エズラ・タフト・ベンソン大管長は次のように教えています。「〔人〕は生涯,『……主よ,わたしが何をすることをお望みですか』というパウロが尋ねた質問よりも重要な質問をすることはできないでしょう。〔人〕は,自らをその質問の答えへと導く道を追求し,その答を実行に移すことよりも素晴らしい行動を取ることはできません。」(“Listen to a Prophet’s Voice,” Ensign, 1973年1月号,57)
これからも,この質問に対する答えを熱心に祈って探し求め,受ける促しの全てを行動に移し続けてください。
使徒9:23-31
サウロの命はダマスコ,次にエルサレムで危険にさらされたため,使徒たちはサウロをタルソに送る
使徒9:23-26では,ダマスコのユダヤ人がサウロを殺害しようと企てますが,教会員が町から脱出できるようにサウロを助けたことが分かります。また,サウロがエルサレムに行き,「弟子たちの仲間に加わろうと務めたが,みんなの者は彼を弟子だと信じないで,恐れて」(使徒9:26)いたことも分かります。

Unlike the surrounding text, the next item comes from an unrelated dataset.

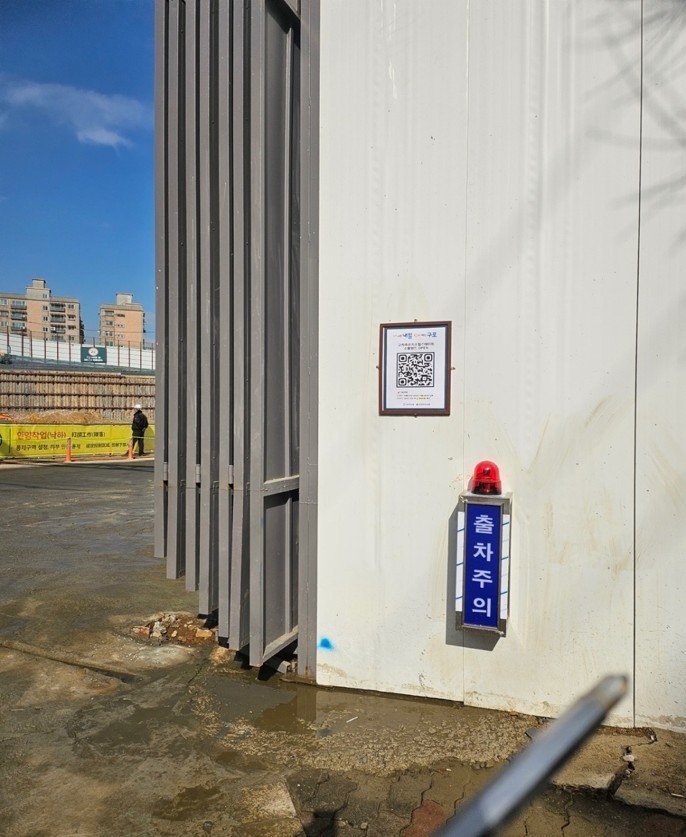 | ▲ 고척4주택재개발정비사업(고척 푸르지오 힐스테이트) 공사 현장 출입구에 부착된 공사 정보 안내 큐알(QR)코드 모습. 주민들은 큐알(QR)코드를 통해 공사 일정과 주요 안내사항을 확인할 수 있다. |

教会員たちは,サウロがイエス・キリストの弟子となったことを信じるのをなぜためらったと思いますか。
使徒9:27-31では,教会員であるバルナバ(使徒4:36-37参照)がサウロを使徒たちのもとに連れてきて,サウロの示現とダマスコでの大胆な教えについて話したことが分かります。それ以来,教会員はサウロを仲間として歓迎しました。エルサレムのギリシヤ語を話すユダヤ人がサウロを殺そうとしたとき,教会指導者たちはサウロをタルソに送りました。使徒9:31では,教会が平安を経験し,ユダヤ,ガリラヤ,サマリヤで成長したことも分かります。
使徒9:32-43
ペテロ,ルダとヨッパで奇跡を行う
主に頼り,主を信じるように助けたい誰かについて考えてください。使徒9章の残りを研究しながら,その人やその他の人たちが主に頼るように助けることができる方法の一つを見つけてください。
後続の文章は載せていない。